Action item -
Return all lines of the data in which the string "design" occurs.

Stored items -
▽

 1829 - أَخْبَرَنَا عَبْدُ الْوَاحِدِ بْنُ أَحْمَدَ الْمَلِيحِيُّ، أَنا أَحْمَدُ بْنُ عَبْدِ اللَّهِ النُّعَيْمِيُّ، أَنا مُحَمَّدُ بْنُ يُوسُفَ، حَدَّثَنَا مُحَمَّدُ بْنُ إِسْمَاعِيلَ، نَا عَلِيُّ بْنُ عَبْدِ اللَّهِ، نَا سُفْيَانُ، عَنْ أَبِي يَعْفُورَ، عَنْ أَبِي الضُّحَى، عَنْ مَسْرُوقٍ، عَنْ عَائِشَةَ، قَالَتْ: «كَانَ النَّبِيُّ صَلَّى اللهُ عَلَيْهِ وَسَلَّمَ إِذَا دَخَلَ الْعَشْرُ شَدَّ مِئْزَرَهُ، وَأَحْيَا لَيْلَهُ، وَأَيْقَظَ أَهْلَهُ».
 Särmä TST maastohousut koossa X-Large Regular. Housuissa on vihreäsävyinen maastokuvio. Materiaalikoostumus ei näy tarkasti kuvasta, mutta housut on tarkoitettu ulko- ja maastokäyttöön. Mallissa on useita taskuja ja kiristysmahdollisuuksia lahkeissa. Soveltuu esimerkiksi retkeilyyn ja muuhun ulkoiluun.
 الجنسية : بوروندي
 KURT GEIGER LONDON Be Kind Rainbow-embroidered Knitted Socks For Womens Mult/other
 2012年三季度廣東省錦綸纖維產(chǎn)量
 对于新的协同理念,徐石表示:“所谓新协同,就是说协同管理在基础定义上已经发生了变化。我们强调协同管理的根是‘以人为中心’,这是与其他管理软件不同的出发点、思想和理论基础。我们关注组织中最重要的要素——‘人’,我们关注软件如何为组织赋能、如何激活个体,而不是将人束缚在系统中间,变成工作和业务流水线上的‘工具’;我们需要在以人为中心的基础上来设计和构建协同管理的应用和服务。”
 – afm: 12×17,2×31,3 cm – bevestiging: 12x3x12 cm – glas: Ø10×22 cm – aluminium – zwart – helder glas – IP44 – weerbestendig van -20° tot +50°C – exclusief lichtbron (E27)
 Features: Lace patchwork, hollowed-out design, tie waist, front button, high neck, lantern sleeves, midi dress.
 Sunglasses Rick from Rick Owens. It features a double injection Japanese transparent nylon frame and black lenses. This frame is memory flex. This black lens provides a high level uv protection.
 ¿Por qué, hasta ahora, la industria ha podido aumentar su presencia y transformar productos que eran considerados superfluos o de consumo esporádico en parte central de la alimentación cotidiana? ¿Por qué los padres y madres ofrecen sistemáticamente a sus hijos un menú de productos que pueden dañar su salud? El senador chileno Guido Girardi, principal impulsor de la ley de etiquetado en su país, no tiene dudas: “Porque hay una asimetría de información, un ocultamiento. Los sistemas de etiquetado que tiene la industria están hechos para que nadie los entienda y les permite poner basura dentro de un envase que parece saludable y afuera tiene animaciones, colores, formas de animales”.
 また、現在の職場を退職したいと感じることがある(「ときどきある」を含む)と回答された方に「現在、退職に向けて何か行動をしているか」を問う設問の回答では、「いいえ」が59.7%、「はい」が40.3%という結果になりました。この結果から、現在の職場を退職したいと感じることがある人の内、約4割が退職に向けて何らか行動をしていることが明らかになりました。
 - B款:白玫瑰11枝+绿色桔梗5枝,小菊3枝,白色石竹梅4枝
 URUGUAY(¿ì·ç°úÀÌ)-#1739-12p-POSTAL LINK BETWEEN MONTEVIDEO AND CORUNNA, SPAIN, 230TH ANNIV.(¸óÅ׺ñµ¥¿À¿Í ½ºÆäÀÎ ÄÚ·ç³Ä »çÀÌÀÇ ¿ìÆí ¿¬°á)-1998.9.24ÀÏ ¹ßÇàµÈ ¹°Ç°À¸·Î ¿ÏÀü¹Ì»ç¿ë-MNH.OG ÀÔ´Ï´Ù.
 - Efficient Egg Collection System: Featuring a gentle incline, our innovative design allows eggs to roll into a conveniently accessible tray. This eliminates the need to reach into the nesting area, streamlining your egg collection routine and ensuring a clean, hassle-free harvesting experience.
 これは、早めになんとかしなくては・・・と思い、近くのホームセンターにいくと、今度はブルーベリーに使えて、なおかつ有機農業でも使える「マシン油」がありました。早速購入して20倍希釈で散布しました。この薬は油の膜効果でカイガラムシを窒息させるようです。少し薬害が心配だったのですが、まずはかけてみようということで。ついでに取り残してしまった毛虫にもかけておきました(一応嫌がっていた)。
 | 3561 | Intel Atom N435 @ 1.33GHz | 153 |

△

Exercise output -
 Features: Lace patchwork, hollowed-out design, tie waist, front button, high neck, lantern sleeves, midi dress.
 - Efficient Egg Collection System: Featuring a gentle incline, our innovative design allows eggs to roll into a conveniently accessible tray. This eliminates the need to reach into the nesting area, streamlining your egg collection routine and ensuring a clean, hassle-free harvesting experience.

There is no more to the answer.